Baku International School (BIS) is an international school located in Baku, Azerbaijan, which was established by the Quality Schools International (QSI) group in 1994. The school provides preschool education, elementary education, middle school, and secondary education. The school programs are accredited by the Middle States Association of Colleges and Schools (MSA) in the United States.

As an international school, there are students from the United States, Azerbaijan, India, Poland, Greece, South Korea, Turkey, Germany, Japan, Colombia, Spain, Russia, Australia, Trinidad, and Romania.

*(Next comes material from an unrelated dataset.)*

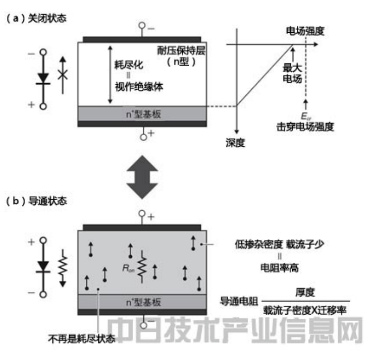 這需要從功率元件的基本工作原理說起。功率元件通常在截至和導(dǎo)通兩種狀態(tài)下使用。關(guān)閉狀態(tài),就是必須在所要求電壓下完全斷開電流。打開狀態(tài),要求在損失最小的情況下,通過電流。關(guān)閉狀態(tài)下,使元件無法保證絕緣狀態(tài)的電壓叫做耐壓,一般而言,耐壓越高、導(dǎo)通電阻越小,元器件的性能也就越高。但由于功率器件的工作原理,耐壓和導(dǎo)通電阻之間存在此消彼長(zhǎng)的關(guān)系。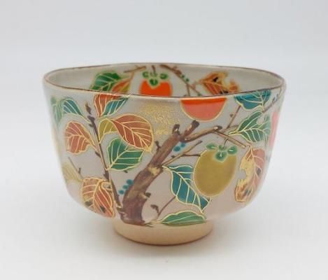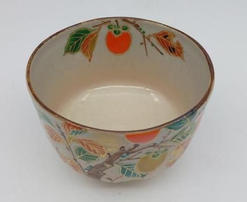 ▼ 茶道具 抹茶茶碗 乾山 柿の絵、壱休窯 窪田常之作 25-10

For after-school activities, there are Boy Scouts, Girl Scouts, and ballet for preschool and elementary students. For middle and high school students, there are sports activities such as cross-country running, soccer, basketball, and track and field.

== Study and programs ==
Elementary students learn Literacy, Math, Cultural Studies, Science, World Languages, Music, Technology, Art, and PE (physical education). Middle and Secondary Students get to choose electives which include PE/Wellness, Technology, Music (Band/Orchestra/Choir/Guitar), Drama or Art. Students that cannot go yet into the appropriate age program go to IE (Intensive English) classes for Literacy and World Languages. They move up when they can go to the appropriate program for their age. The school has 7 Success Orientations to follow:

- Responsibility
- Kindness & Politeness
- Trustworthiness
- Aesthetic Appreciation
- Concern for Others
- Group Interaction
- Independent Endavour

The school is funded partially by the U.S. Department of State. The school is accredited by CEESA and MSA.

== Curriculum ==
The QSI education system differs from the traditional American system in several aspects. The naming of the key stages in the QSI curricular system diverges from typical naming. Additionally, the different stages cover different age groups. The table below represents all the changes:

QSI Education System
| Traditional American Schools | QSI Schools | Age Group |
| Preschool | Pre-K | 3-4 |
| Kindergarten | 4-5 |
| Elementary School | 5-6 |
| Lower Elementary | 6-9 |
| Upper Elementary | 9-11 |
| Middle School | 11-12 |
| Middle School | 12-14 |
| High School | Secondary | 14-18 |

A variety of AP Courses is offered, ranging from AP World History to AP Chemistry. Intensive English class is compulsory for ESL (English as a Second Language) students who have struggle effectively communicating in English. A university counselor is also offered to the senior class. Study Hall is offered to high school students with tight schedules and/or numerous AP subjects.